Suddenly, the door swung open. Clark seized Lois and planted a kiss on her lips, hard.

“Whoa! Sorry!” came R.J.’s hurried apology. The door slammed shut, but the kiss lingered and softened. Suddenly, a pile of mops fell on the kissing couple, startling them back into reality.

It was Lois who broke the kiss. “I’ve... got to go,” she said, pushing the mops aside and hurrying out of the closet. She took her place behind the register, lipstick smudged and pigtails askew.

“Oh my God! You *so* did it!” Allison squeezed Lois in a sudden hug.

_____

It was 5:35 on the third day. Clark was really starting to believe that this undercover project was not doing a stitch of good. He was frustrated, but it was Lois who believed the ‘Mad Bomber’ was the culprit, and they should stay.

Minutes later, Allison tapped Lois on the shoulder. “Lo, that’s *him.* The Mad Bomber.”

Lois could see why the girls had dubbed him ‘Mad Bomber.’ He certainly was shady. He breezed past the register, walking with determination. He disappeared down an aisle. When Allison was looking away, Lois caught Clark’s eye. ‘He’s here!’ she mouthed silently. Clark nodded, and took his place in the plumbing aisle.

Minutes passed and no one came by for pipe fittings. Clark had a feeling Lois’ hunch was wrong. He peered up at the register.

Lois was ringing up a sale for the Mad Bomber. All he had purchased was an innocent key chain. Lois frowned. After all that, the so-called ‘Mad Bomber’ was innocent. She was sure she would hear it from Clark later on.

The store was about to close. It had been another unproductive day. Clark had decided that this particular undercover job was a flop. He rearranged some plungers and was just about to walk away when a teenage boy entered the aisle.

He was clean-cut, wearing a striped polo and khaki pants. He made a beeline for the 12-inch pipe. He selected two of them, and four corresponding end fittings.

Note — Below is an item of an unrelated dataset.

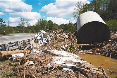 图为10月5日,在美国北卡罗来纳州伯恩斯维尔,飓风过后的公路旁一片狼藉。新华社/法新

Just as quickly, he made his way up toward the register. Clark followed a few steps behind. He made eye contact with Lois and gave her a nod.

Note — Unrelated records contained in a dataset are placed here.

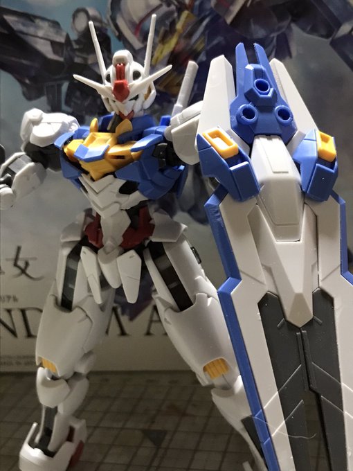 今日 仕事が 休みなので HG ガンダムエアリアル君の 素組みを やっと完成 しました❗️ シールドが カッコ良い‼️👍 #HGガンダムエアリアル #ガンプラの画像貼るとRTされると聞いて #ガンプラ
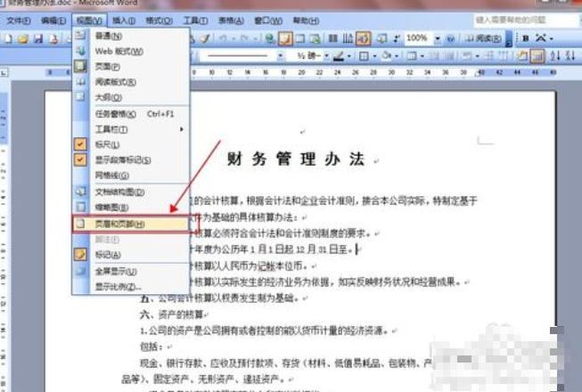 1、打开一个word文档,在菜单栏里点击“视图”,在弹出的对话框中选择“页眉和页脚”,点击。
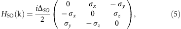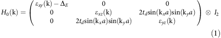 We describe our system using the model introduced in ref. 13, to which we add local (Hubbard) interactions in the mean-field approximation. In k-space, the Hamiltonian is a 6 × 6 matrix in the basis of three orbitals (i=xy, xz, yz) ⊗2 spin states (s=↑,↓). It is a sum of three terms, H(k)=H0(k)+HSO(k)+Hint(k), the first of which being

The boy put the items on the counter.

“It was *you,*” Lois stated coldly.

“What?” asked the boy, taken aback.

“The pipe bombs under all of those cars.”

The young man’s jaw dropped. He tried to say something, but the words didn’t come.

Clark piped in. “Someone could have been killed. You’re lucky Superman was around, or you might be tried for murder.”

Clark was quick to grasp the teen’s hands behind his back. The boy didn’t struggle. “I’m Clark Kent from the Daily Planet, and this is Lois Lane.”

Lois was already dialing the Metropolis police.

“I... I only built them. I didn’t mean for them to get used. It was a kind of science experiment. Then I... sort of... *sold* a bunch to some friends,” the boy stated sadly.

“I hope you know the names of those ‘friends.’ You’ll be turning their names over to the police,” Clark stated firmly.

Sirens were already resounding outside the store. The police entered and Clark turned the scared teenager over to them. Somehow, Clark thought that this boy had already learned his lesson.

Meanwhile, Allison was dumbfounded. “Are you *really* Lois Lane?!”

Lois smiled and nodded.

“No way! This is *so* cool!”

_____

“Well, I guess that was a successful mission after all,” Clark mused, as they walked out toward the parking lot.

“Definitely. You did a pretty good job... for a stockboy,” Lois teased, jabbing him in the side.

“You’re not so bad yourself, Lo.” Clark grinned. “Can I ask you a question?”

“Shoot.”

“How come we only get to kiss like that when we’re undercover?” he asked bashfully.

Lois flushed. “I don’t know, Clark... but I almost forgot something. I am *totally* supposed to ask you out. ‘Cause we’d *seriously* be the cutest couple. Wink-wink, nudge-nudge.”

Clark was surprised. Was this a joke? “Is this a *date,* Lois?” he stammered.

She offered Clark a quick kiss on the cheek before slipping into her car. “Pick me up at seven. And don’t even *think* about making me wait.”

THE END!


"He's a man. I'm a woman. Do you want me to draw you a diagram?" -Lois Lane, I've Got a Crush on You.